Material and methods

Study methods

A qualitative focus group study including focus group discussion (FGD) was executed in participants with a vaginal and abdominal cerclage. For definitions of used concepts, see Appendix 1.

Prior to the FGD individual interviews were conducted by telephone to obtain a complete medical overview of baseline characteristics such as age and obstetric and gynecological history. Participants were asked to share their expectations regarding the FGD. An additional questionnaire (see Appendix 2) was executed to elucidate how participants experienced their pregnancy with cerclage including possible physical complaints, the received medical information and care. Results of these questionnaires were processed to a preset list (see Appendix 3) of complaints that could be experienced by participants after placement of a cerclage. A preset list of suggested improvements in healthcare in relation to patients with an extreme preterm birth and received cerclage was also processed. This preset list was used during the FGD for participants as an outline for potential topics to be discussed.

Inclusion and data collection

This focus group study was performed at the department of Obstetrics and Gynaecology of the Amsterdam University Medical Center (Amsterdam UMC). Medical ethical clearance was obtained from the Medical Ethical Exam Committee of the Amsterdam University Medical Center, location Vrije Universiteit Amsterdam (020.460).

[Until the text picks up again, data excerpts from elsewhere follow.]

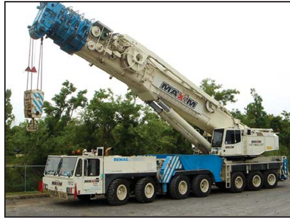
'98 DEMAG AC1300 500 TON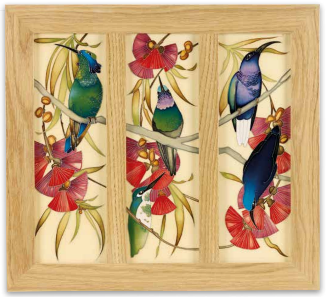
Triptych | Numbered Edition

A bouquet of hummingbirds flit between the design as your eyes fly like hummingbirds backwards, forwards, straight up and down, changing direction in a flash. With a hint of mischievous design, it is only the bright red spikes of the stylised callistemon flowers that fan like hummingbirds wings. The hummingbirds flash and dart in explosions of liquid colour to turn each panel into a remarkable work of art, yet miraculously, all three panels merge into a breath-taking performance of electric movement. Taken as a whole, each image on each panel melds into its neighbour's territory with a surprising symmetry of colour, form and movement.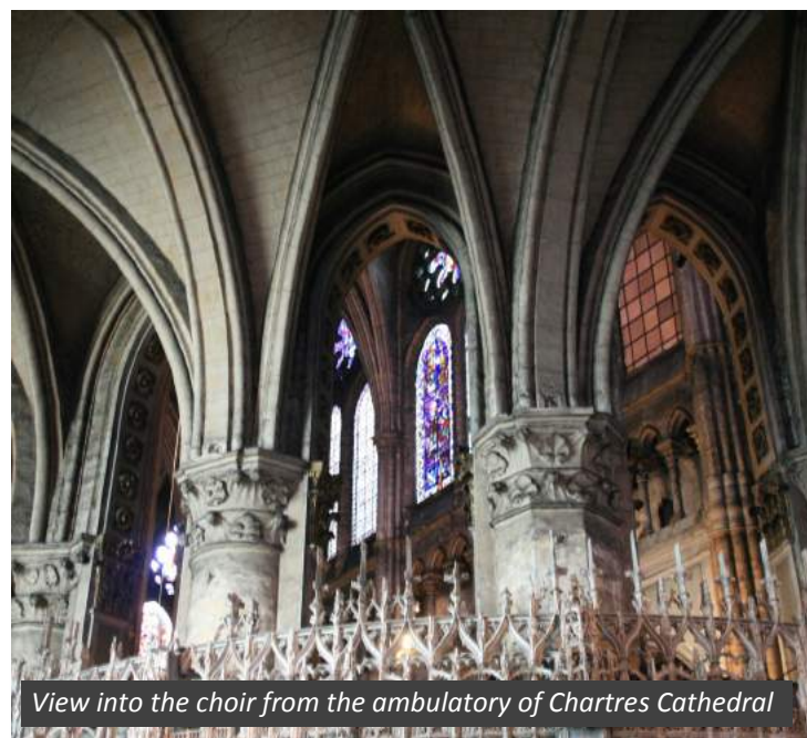
View into the choir from the ambulatory of Chartres Cathedral

This morning we visit stunning Chartres Cathedral—a marvel of medieval Gothic architecture that is a UNESCO World Heritage Site. The innovatively-designed, 12 th -century structure is renowned for its numerous sculptures as well as its much-celebrated collection of stained glass. Next, we travel north to Normandy where we explore a particularly significant Plantagenet site. The Château Gaillard at Les Andelys, which dominates the Seine River below, was a favored project of King Richard I. We enjoy a guided tour of this formidable castle that was strategically important in defending Plantagenet land. Afterward, we continue to Rouen, the capital city of Upper Normandy. Here, we are treated to a walking tour of the historic center which includes Rouen Cathedral—where several Plantagenets, including the heart of Richard the Lionhearted, are interred—and the marketplace where Joan of Arc was burnt at the stake in 1431. After our stroll around Rouen, we gather with Dr. Marshall for a nice dinner and lively discussion. (B, D)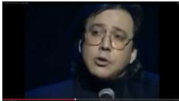
1991 show at Montreal's Centaur Theatre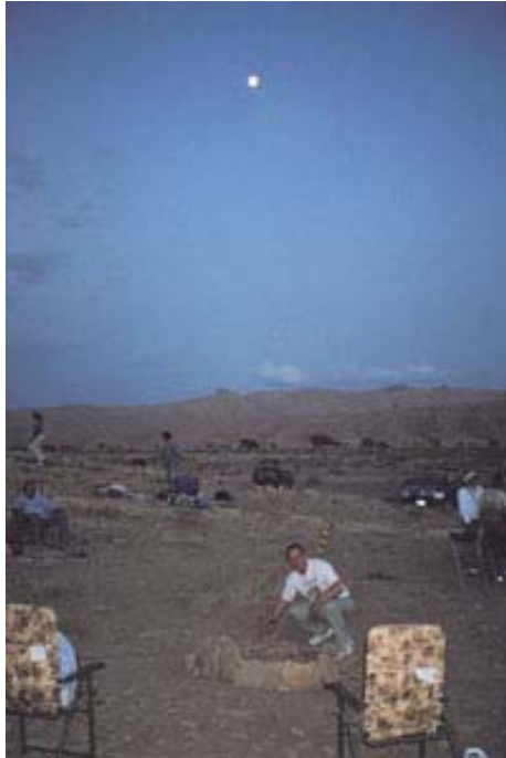
Setting up the firepit in the moonlight

This annual event is one of the best community activities the ENHG undertakes. About 5:00 pm on Friday evening people began gathering in the empty lot in front of the Buraimi Hotel. We headed out in our various vehicles, 4x4's and sedan cars, towards Fossil Valley and the Hanging Gardens on the Mahda road. Shortly after passing the turn off to the Hanging Gardens a dirt track led off to the right and we followed it to a lovely location behind a couple of low hills. Small groups climbed the low hill, watched the sun set and the moon rise.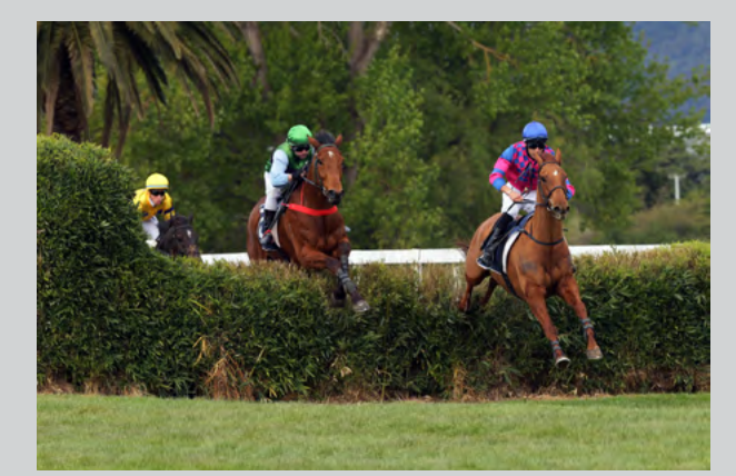
The Arabian Duke (NZ) (Bachelor Duke)

The win was just the fourth in a 52-start career for The Arabian Duke however he has now won twice from just three attempts over the bigger fences.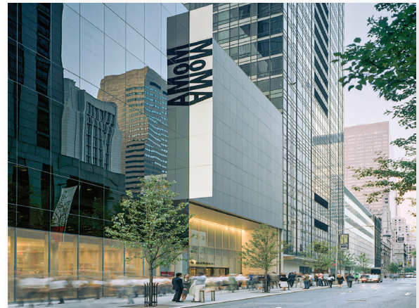
MUSEUM OF MODERN ART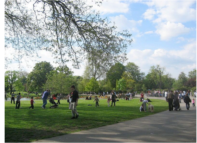
People enjoying a day out in Regent's Park, London, UK By Umezo KAMATA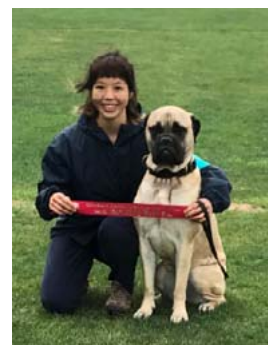
Yoshi and 'Ai' scored their 1 st pass in Rally Novice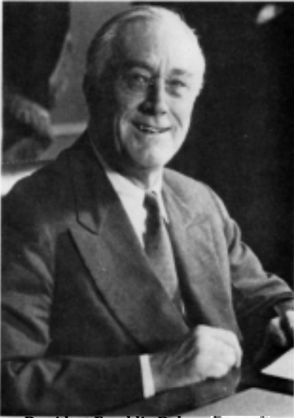
President Franklin Delano Roosevelt.

some form of nationwide flood control administered by an agency of the federal government, and that it should be financed in some measure by federal funds. This left five specific areas of disagreement: the degree to which the flood control effort should be linked to a larger multipurpose river basin development program; the agency that should administer the program; the proper division of costs between the federal government and the state and local interests; the advisability of combining watershed soil conservation pro-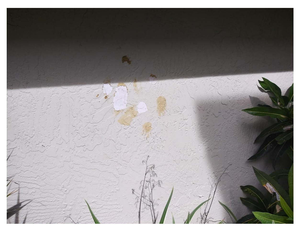
Figure 3: 201 C Garage Paint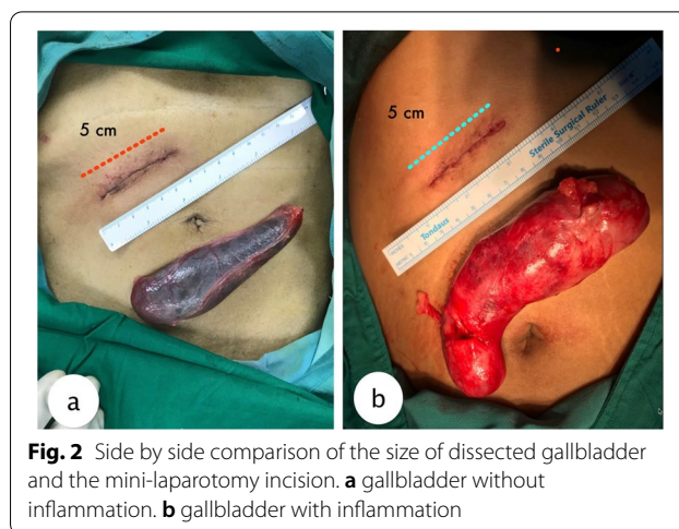
Fig. 2 Side by side comparison of the size of dissected gallbladder and the mini-laparotomy incision. a gallbladder without inflammation. b gallbladder with inflammation

Indonesia is a developing country where the government had just recently imposed a national health insurance and thus creating a price ceiling for each medical treatment. This situation put an inclination for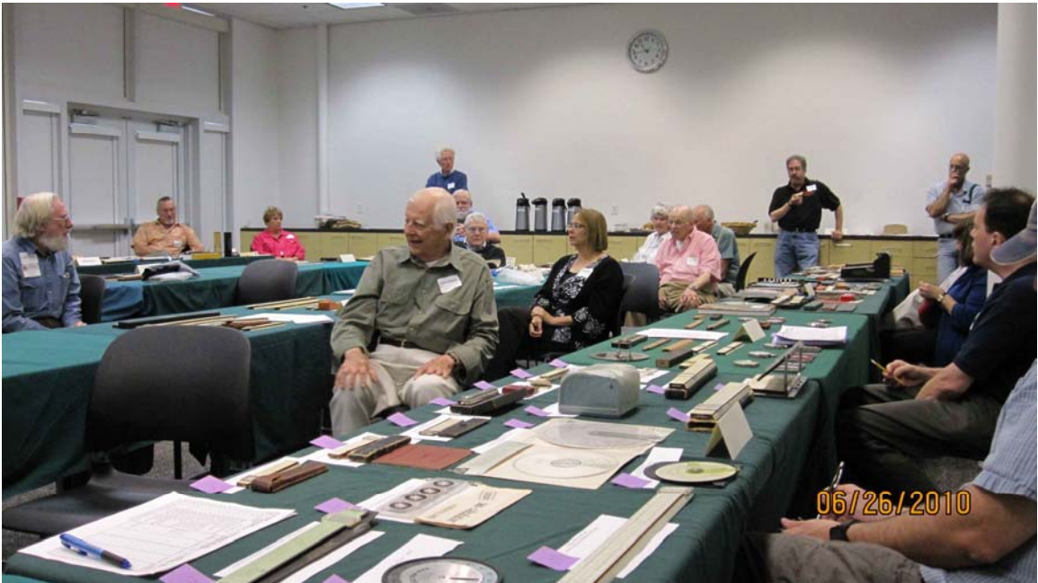
Clark's K&E Lecture

Participants were recruited from our local database on LAC [16] or from medical records in the Amsterdam UMC. Participants were also recruited through the website of a Dutch patient organization for (extreme) preterm birth (www.extremevroeggeboorte.nl). After expressing their interest, participants were informed about the aim and procedure of the study by telephone and e-mail. All participants signed informed consent on paper and gave permission for audio recordings of the FGD. Anonymity and confidentiality were ensured. Eligible participants had full comprehension of Dutch language and access to internet. The latter was a requirement since physical meetings were not possible due to the COVID-19 pandemic. Eligible participants were ≥ 18 years old with a previous vaginal and/or abdominal cerclage and delivery at ≥ 34 weeks of gestational age with neonatal survival. We excluded participants who did not conceive after placement of an abdominal cerclage or participants who delivered at less than < 34 weeks of gestational age, because we considered it ethically insensitive to interview participants with good and poor obstetric outcomes in the same FGD. Besides, participants with positive obstetric outcomes may feel uncomfortable or inappropriate to share their experiences with respect to participants with adverse obstetric outcomes and vice versa. The FGDs were held in two separate groups; the vaginal and abdominal group since the indication, procedure and expected cerclage-related symptoms could be different.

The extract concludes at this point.